• PROBLEM DESCRIPTION
Pictures stay out, but every line of the data is copied exactly.

• THE RECORDS
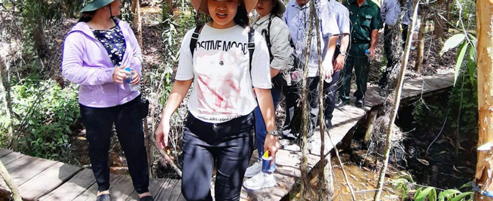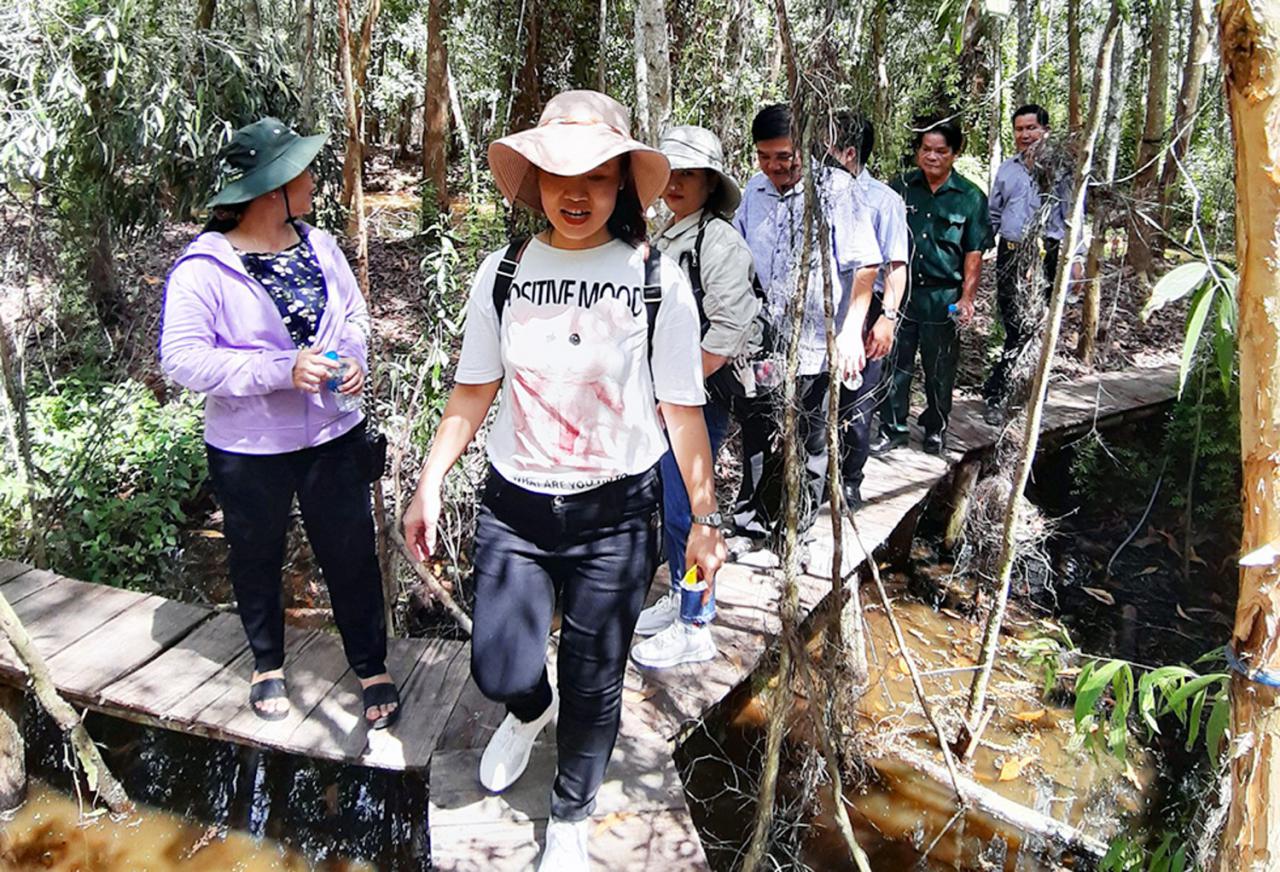 Khách tham quan rừng tràm Tân Tuyến. Báo An Giang.
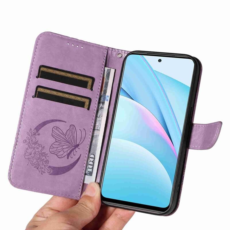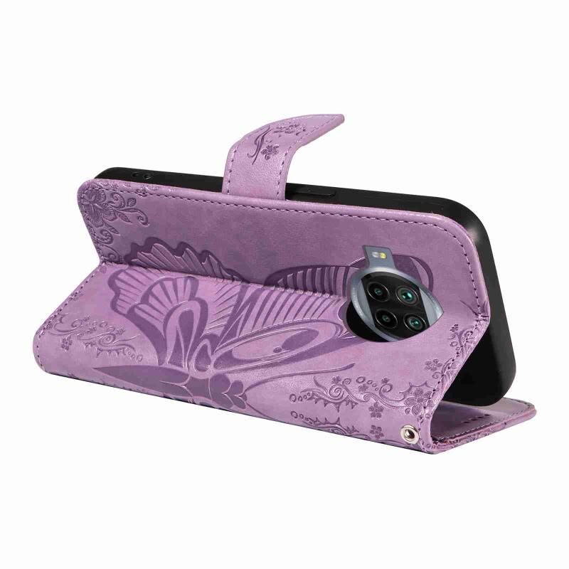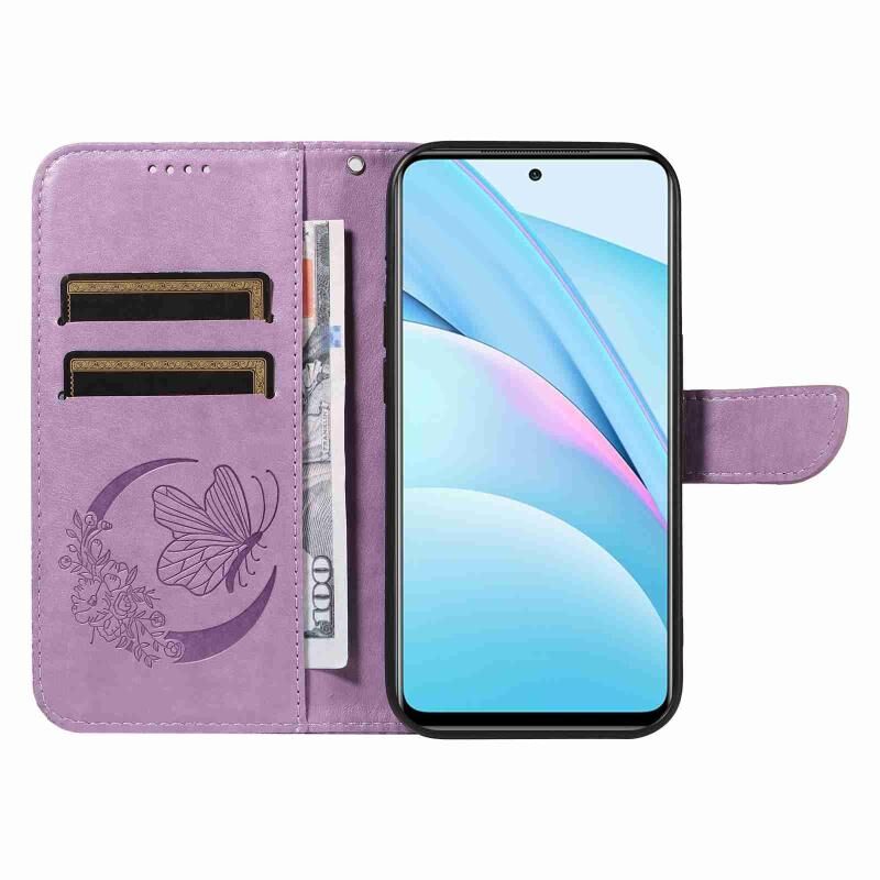 Θήκη τηλεφώνου δερμάτινη ανάγλυφη με σχέδιο πεταλούδας για Xiaomi Mi 10T Lite 5G (Μωβ)
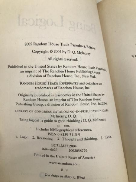 Being Logical: A Guide to Good Thinking Random House Trade Paperbacks McInerny, D.Q.
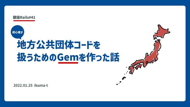 2022.01.25 ikuma-t 地方公共団体コードを 扱うためのGemを作った話 銀座Rails#41 初心者が
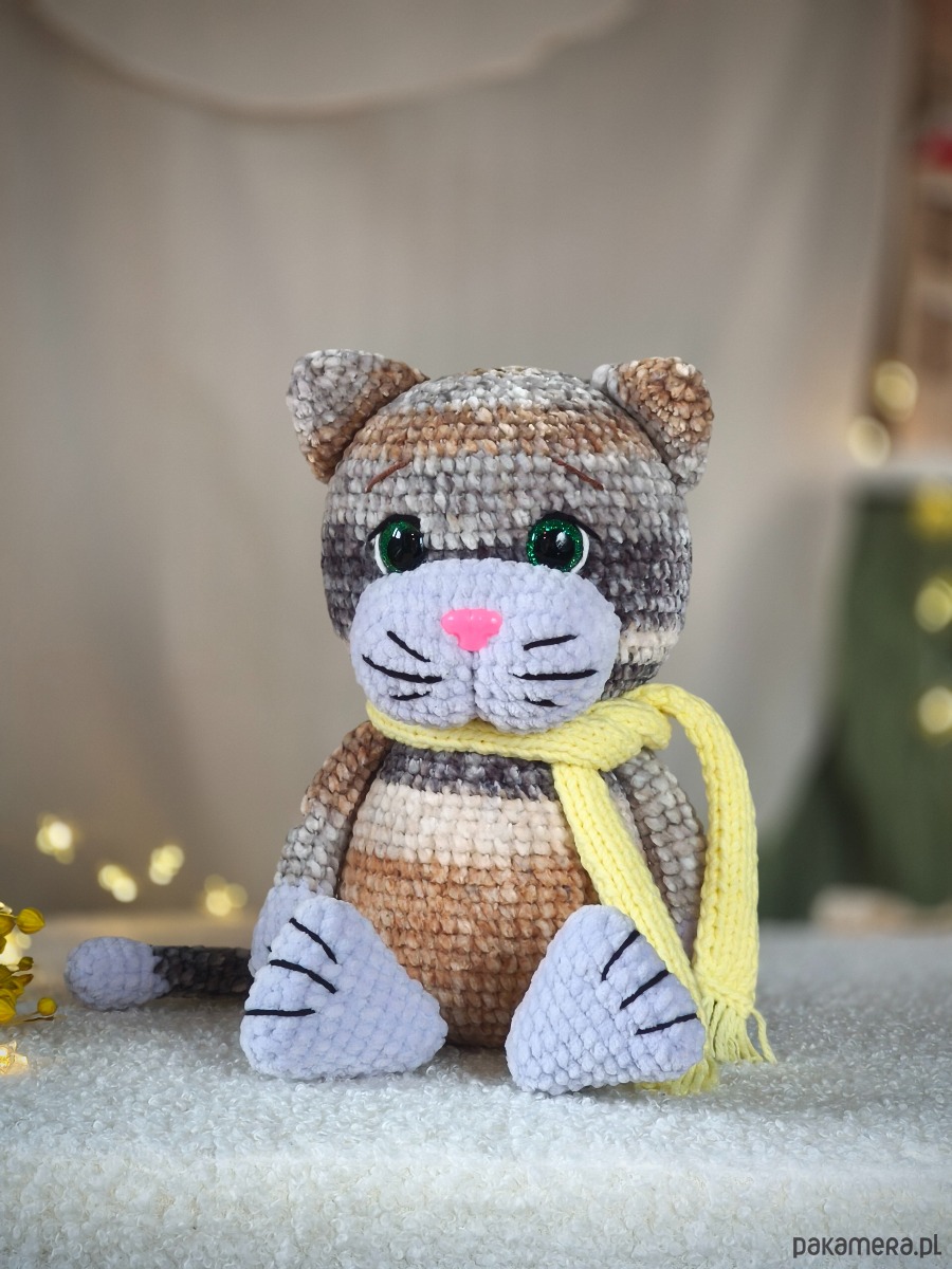 Wielobarwny miękki kotek pluszowy w szaliku to idealny prezent na wiele różnych świąt dla dzieci lub dorosłych!
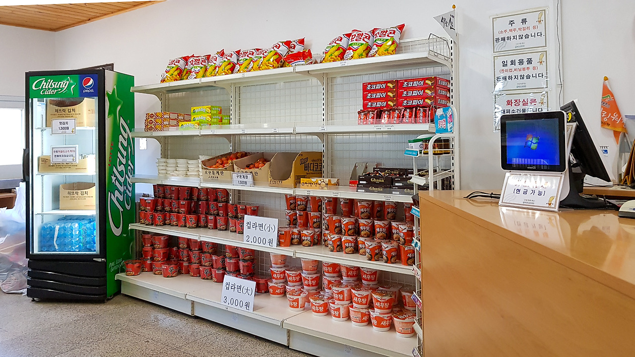 여행을 떠나기 전, 간월재에 올라가면 컵라면을 꼭 먹어야 한다는 꿀팁(!)을 실천하기 위해 부지런히 걸었다. 다행히 신라면을 비롯한 몇몇 컵라면이 남아 있어서 우리는 신라면, 새우탕, 햇반 그리고 삶은 달걀을 구입하고 먹기 위한 세팅을 끝냈다. 이것이 인스타그램의 폐해일지도 모르지만, 인증샷을 뛰어넘는 그 아찔한 맛에 얼마나 감탄했는지 모른다. 해발 900미터의 산에서 맛보는 컵라면 치고 가격이 착해서(큰 컵 3천 원, 작은 컵 2천 원) 아주 만족스럽게 클리어했다. 단, 휴게소 영업시간이 4시 반까지이니 참고해서 올라갈 것.
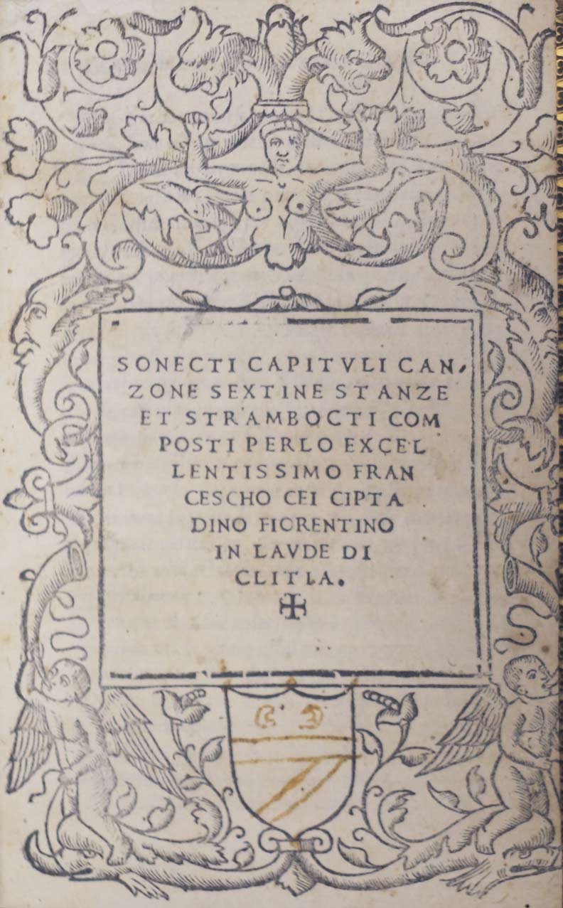 SONECTI CAPITULI CANZONE SEXTINE STANZE ET STRAMBOCTI COMPOSTI PER LO EXCELLENTISSIMO FRANCESCHO CEI CIPTADINO FIORENTINO IN LAUDE DI CLITIA.
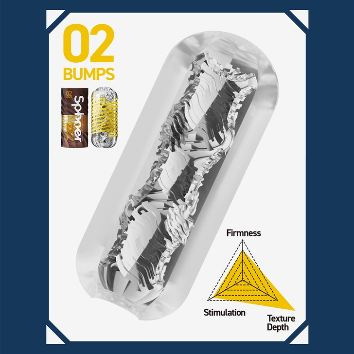 Внутри вас ждет бархатистая мягкая текстура, гарантирующая наслаждение уже с первых секунд использования. Bumps отличается волнообразным рельефом - здесь чередуются плавные выступы и мягкие гребни, создающие эффект интенсивных катящихся волн на каждом миллиметре. Они плотно обхватывают, усиливают прилегание, дарят точечную стимуляцию, которая понравится тем, кто любит более плотное сжатие и богатую комбинацию ощущений давления и скольжения. Этот спиннер идеален для мощной, насыщенной стимуляции, но при этом ощущается мягче, чем Steps, но насыщеннее, чем Drops.
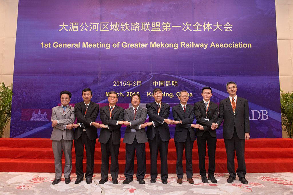 3月11日,大湄公河區域鐵路聯盟(GMRA)第一次全體大會在我國云南昆明舉行。中國、柬埔寨、老撾、緬甸、泰國、越南等區域鐵路聯盟6個成員國以及亞洲開發銀行的代表出席了會議。國家鐵路局副局長、董事會中方成員傅選義(左五)率中國代表團出席。
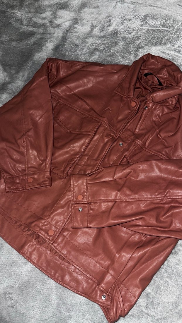 Düğmeli Pembe Deri Kadın Ceket
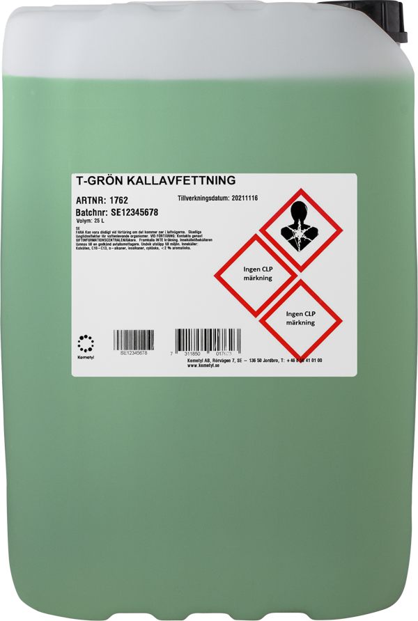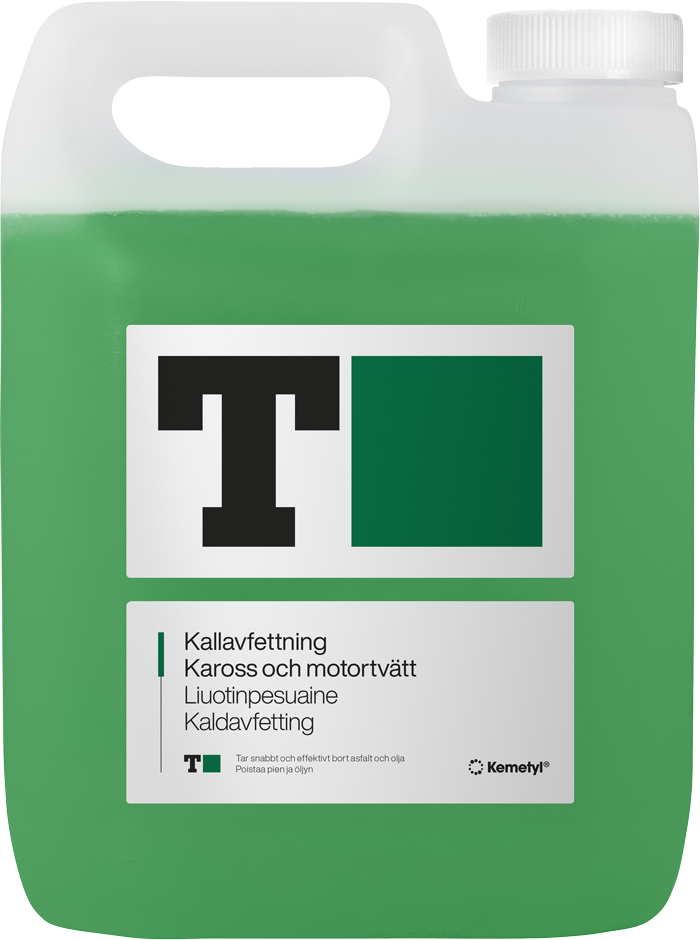Nordiska vintervägar med mycket smuts sätter speciella krav på våra avfettningsprodukter. T-Grön Kallavfettning är en välbeprövad klassiker som är anpassad för de hårda nordiska vinterförhållandena och levererar ett bra rengöringsresultat. T-Grön Kallavfettning är ett petroleumbaserat avfettningsmedel som effektivt och snabbt rengör bilens kaross från föroreningar av asfalt, tjära, olja, fett, vägsalt med mera.
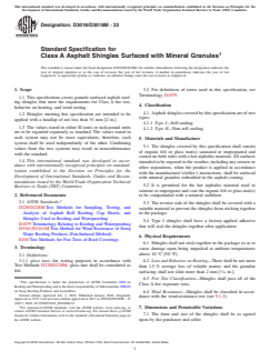 ASTM D3018/D3018M-22 is a technical specification published by ASTM International. Its full title is "Standard Specification for Class A Asphalt Shingles Surfaced with Mineral Granules". This standard covers: ABSTRACT This specification covers mineral granule-surfaced asphalt roofing shingles. Covered here are the self-sealing (Type I) and non-self-sealing (Type II) types of shingles. The shingles shall consist of organic felt or glass mat(s) saturated or impregnated, and coated on both sides with a hot asphaltic material and completely surfaced on the weather side with mineral granules embedded in the coating. The reverse side of the shingles shall be covered with a suitable material to prevent the shingles from sticking together in the package, causing possible damage upon being unpacked at ambient temperatures. Type I shingles shall have a factory-applied adhesive that will seal the shingles together after application. Both types shall meet the conditions for Class A fire exposure, and loss and behaviour on heating tests. Type I shingles shall pass an additional wind resistance test. SCOPE 1.1 This specification covers granule-surfaced asphalt roofing shingles that meet the requirements for Class A fire test, behavior on heating, and wind testing. 1.2 Shingles meeting this specification are intended to be applied with a headlap of not less than 51 mm [2 in.]. 1.3 The values stated in either SI units or inch-pound units are to be regarded separately as standard. The values stated in each system may not be exact equivalents; therefore, each system shall be used independently of the other. Combining values from the two systems may result in nonconformance with the standard. 1.4 This international standard was developed in accordance with internationally recognized principles on standardization established in the Decision on Principles for the Development of International Standards, Guides and Recommendations issued by the World Trade Organization Technical Barriers to Trade (TBT) Committee.
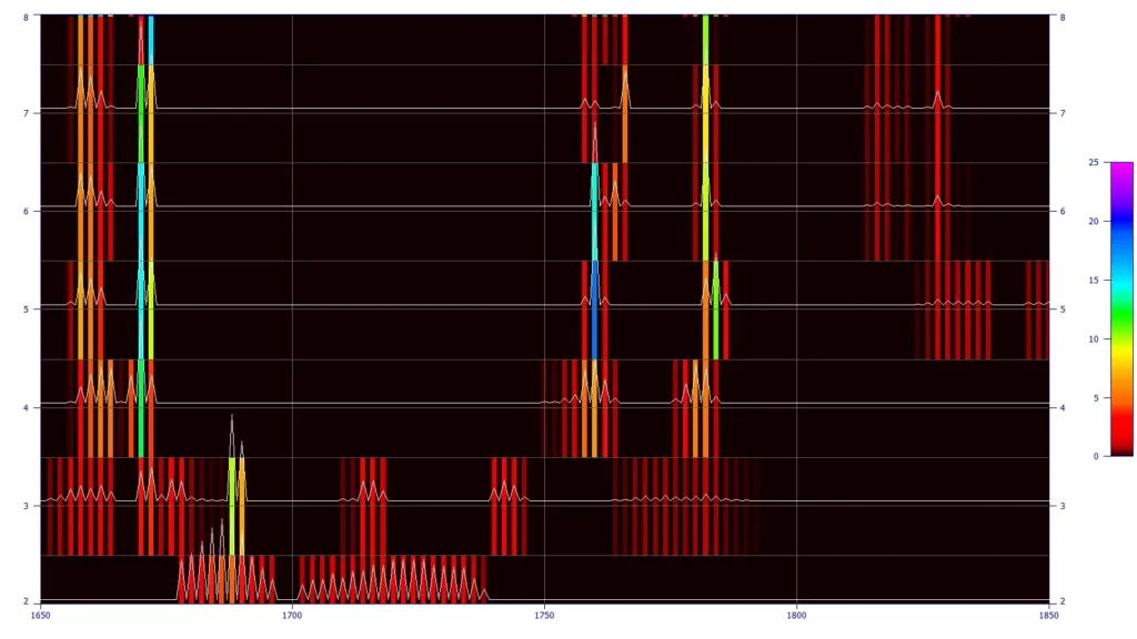 In direct spectral fits, far better estimates of significant wavelengths are realized. These tend to be much less influenced by secondary and inverse correlations or other artifacts arising from generating factor arrays. In the significance plot below, the contour reflects the weighted statistical significance for each wavelength that appears within the retained (best fit) models. At a certain parameter count and beyond, the significant wavelengths become sharply defined.

• FINISHED TASK
 Khách tham quan rừng tràm Tân Tuyến. Báo An Giang.
 Θήκη τηλεφώνου δερμάτινη ανάγλυφη με σχέδιο πεταλούδας για Xiaomi Mi 10T Lite 5G (Μωβ)
 Being Logical: A Guide to Good Thinking Random House Trade Paperbacks McInerny, D.Q.
 2022.01.25 ikuma-t 地方公共団体コードを 扱うためのGemを作った話 銀座Rails#41 初心者が
 Wielobarwny miękki kotek pluszowy w szaliku to idealny prezent na wiele różnych świąt dla dzieci lub dorosłych!
 여행을 떠나기 전, 간월재에 올라가면 컵라면을 꼭 먹어야 한다는 꿀팁(!)을 실천하기 위해 부지런히 걸었다. 다행히 신라면을 비롯한 몇몇 컵라면이 남아 있어서 우리는 신라면, 새우탕, 햇반 그리고 삶은 달걀을 구입하고 먹기 위한 세팅을 끝냈다. 이것이 인스타그램의 폐해일지도 모르지만, 인증샷을 뛰어넘는 그 아찔한 맛에 얼마나 감탄했는지 모른다. 해발 900미터의 산에서 맛보는 컵라면 치고 가격이 착해서(큰 컵 3천 원, 작은 컵 2천 원) 아주 만족스럽게 클리어했다. 단, 휴게소 영업시간이 4시 반까지이니 참고해서 올라갈 것.
 SONECTI CAPITULI CANZONE SEXTINE STANZE ET STRAMBOCTI COMPOSTI PER LO EXCELLENTISSIMO FRANCESCHO CEI CIPTADINO FIORENTINO IN LAUDE DI CLITIA.
 Внутри вас ждет бархатистая мягкая текстура, гарантирующая наслаждение уже с первых секунд использования. Bumps отличается волнообразным рельефом - здесь чередуются плавные выступы и мягкие гребни, создающие эффект интенсивных катящихся волн на каждом миллиметре. Они плотно обхватывают, усиливают прилегание, дарят точечную стимуляцию, которая понравится тем, кто любит более плотное сжатие и богатую комбинацию ощущений давления и скольжения. Этот спиннер идеален для мощной, насыщенной стимуляции, но при этом ощущается мягче, чем Steps, но насыщеннее, чем Drops.
 3月11日,大湄公河區域鐵路聯盟(GMRA)第一次全體大會在我國云南昆明舉行。中國、柬埔寨、老撾、緬甸、泰國、越南等區域鐵路聯盟6個成員國以及亞洲開發銀行的代表出席了會議。國家鐵路局副局長、董事會中方成員傅選義(左五)率中國代表團出席。
 Düğmeli Pembe Deri Kadın Ceket
Nordiska vintervägar med mycket smuts sätter speciella krav på våra avfettningsprodukter. T-Grön Kallavfettning är en välbeprövad klassiker som är anpassad för de hårda nordiska vinterförhållandena och levererar ett bra rengöringsresultat. T-Grön Kallavfettning är ett petroleumbaserat avfettningsmedel som effektivt och snabbt rengör bilens kaross från föroreningar av asfalt, tjära, olja, fett, vägsalt med mera.
 ASTM D3018/D3018M-22 is a technical specification published by ASTM International. Its full title is "Standard Specification for Class A Asphalt Shingles Surfaced with Mineral Granules". This standard covers: ABSTRACT This specification covers mineral granule-surfaced asphalt roofing shingles. Covered here are the self-sealing (Type I) and non-self-sealing (Type II) types of shingles. The shingles shall consist of organic felt or glass mat(s) saturated or impregnated, and coated on both sides with a hot asphaltic material and completely surfaced on the weather side with mineral granules embedded in the coating. The reverse side of the shingles shall be covered with a suitable material to prevent the shingles from sticking together in the package, causing possible damage upon being unpacked at ambient temperatures. Type I shingles shall have a factory-applied adhesive that will seal the shingles together after application. Both types shall meet the conditions for Class A fire exposure, and loss and behaviour on heating tests. Type I shingles shall pass an additional wind resistance test. SCOPE 1.1 This specification covers granule-surfaced asphalt roofing shingles that meet the requirements for Class A fire test, behavior on heating, and wind testing. 1.2 Shingles meeting this specification are intended to be applied with a headlap of not less than 51 mm [2 in.]. 1.3 The values stated in either SI units or inch-pound units are to be regarded separately as standard. The values stated in each system may not be exact equivalents; therefore, each system shall be used independently of the other. Combining values from the two systems may result in nonconformance with the standard. 1.4 This international standard was developed in accordance with internationally recognized principles on standardization established in the Decision on Principles for the Development of International Standards, Guides and Recommendations issued by the World Trade Organization Technical Barriers to Trade (TBT) Committee.
 In direct spectral fits, far better estimates of significant wavelengths are realized. These tend to be much less influenced by secondary and inverse correlations or other artifacts arising from generating factor arrays. In the significance plot below, the contour reflects the weighted statistical significance for each wavelength that appears within the retained (best fit) models. At a certain parameter count and beyond, the significant wavelengths become sharply defined.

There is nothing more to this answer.